Code collection code
1.TopDocs topDocs=searcher.search(new MatchAllDocsQuery(),10000);      



2. After using the default relevance score, the core code and running effect are as follows:



Java code copy code collection code
1.Sort sort=new Sort();//Relevance score is used by default 
2. TopDocs topDocs=searcher.search(new MatchAllDocsQuery(), 10000, sort); 





The reason for the garbled characters in the above picture is because lucene will not search results in the default sorting case For the scoring operation, because the scoring operation will reduce the performance, the column about the score returns a NAN string. For the needs of the format, when Sanxian uses the DecimalFormat class to reserve 2 decimal places for the scoring result, because it is A special character, so the above situation occurs.

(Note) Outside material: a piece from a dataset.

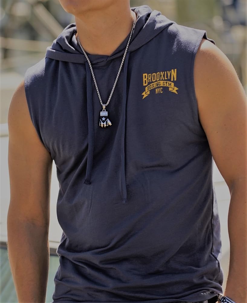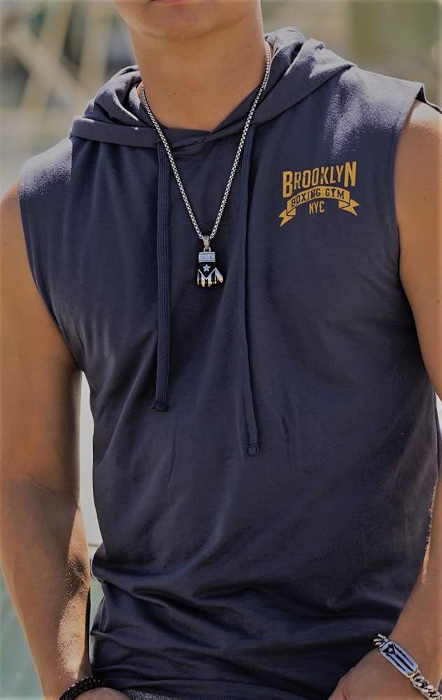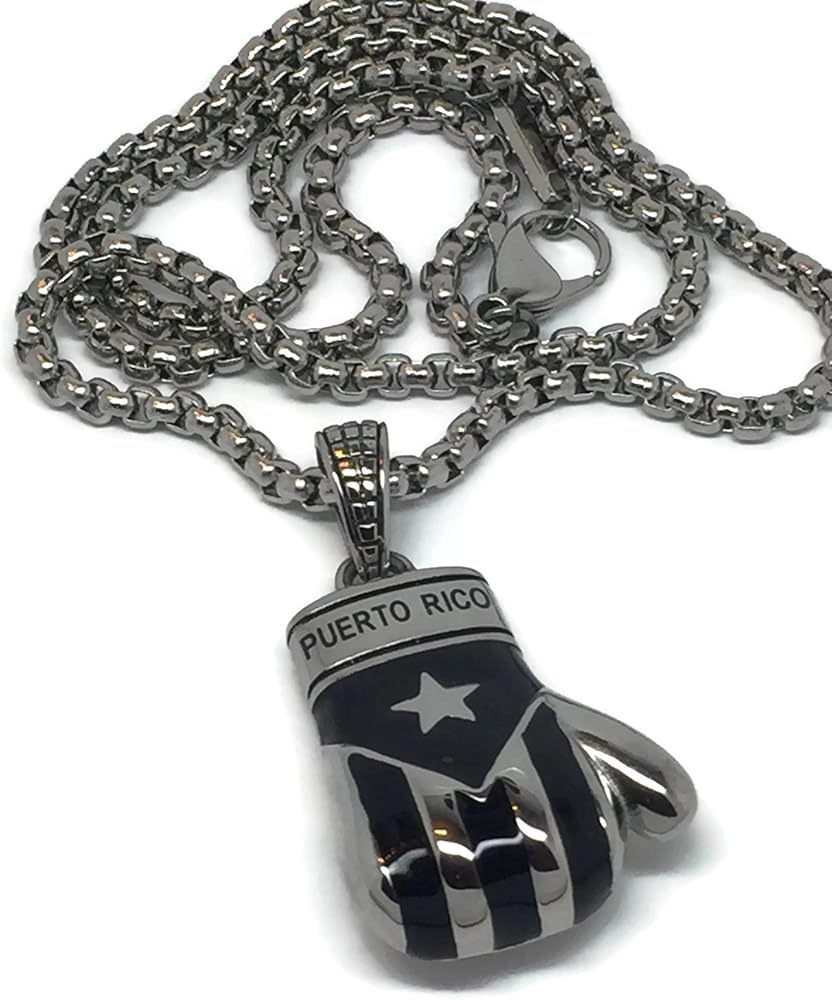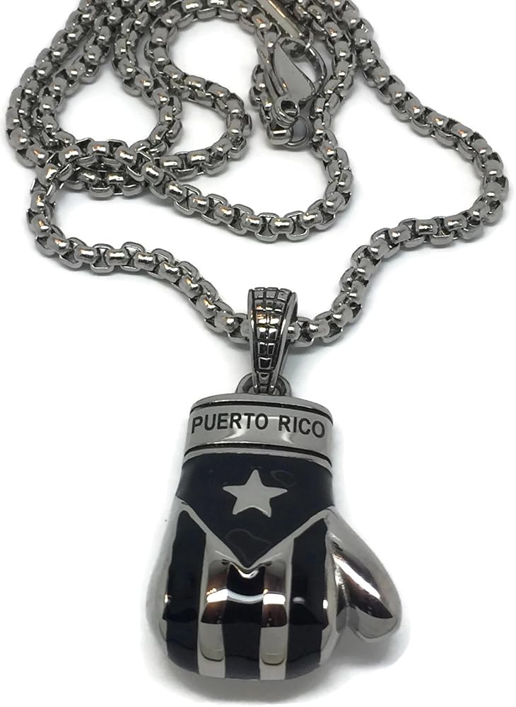 Puerto Rican Boxing Glove (B) Pendant and 24inch Box Chain Set. Pendant: large and bulky, L1.4 x W1.1 inches, Heavy: weight 2.86 oz weight

3. Sort by date in descending order, the core code and running effect are as follows:



Java code copy code collection code
1.Sort sort=new Sort(new SortField("date", Type.INT,true));//true is descending arrangement 
2. TopDocs topDocs=searcher.search(new MatchAllDocsQuery(),10000,sort); 




3. Sort by price in ascending order, the core code and running effect are as follows:



Java code copy code Favorite code
1.Sort sort=new Sort(new SortField("price", Type.DOUBLE,false));//false is the descending order 
2. TopDocs topDocs=searcher.search(new MatchAllDocsQuery(),10000,sort); 




4. Multi-field sorting, in descending order by date Next, because the dates with id 7 and 8 are the same, we add a sort field to sort in ascending order by ename. The core code and running effect are as follows:



Java code copy code collection code
1.// Sort sort=new Sort( new SortField("date", Type.INT, true),new SortField("ename", Type.STRING, false)); 
2. //These two pieces of code have the same effect 
3. Sort sort=new Sort(new SortField[ ]{new SortField("date", Type.INT, true),new SortField("ename", Type.STRING, false)}); 
4. TopDocs topDocs=searcher.search(new MatchAllDocsQuery(),10000,sort); 




5. Sorting with scores, pay attention to the latter two Boolean variables can control whether to score, especially when there is no requirement to score, it is recommended not to When enabled, it will have a great impact on performance when the number is large. The results obtained by retrieving "programming" are sorted in descending order by default. The core code and running effect diagram are as follows:



Java code copy code Favorite code
1.Sort sort=Sort.RELEVANCE; 
2. TopDocs topDocs=searcher.search(new TermQuery(new Term("bookname", "programming")),null,100,sort,true,true); 




the above programming, programming because the tf of programming appears 2 during segmentation times, so it has a higher score when querying, so it ranks first.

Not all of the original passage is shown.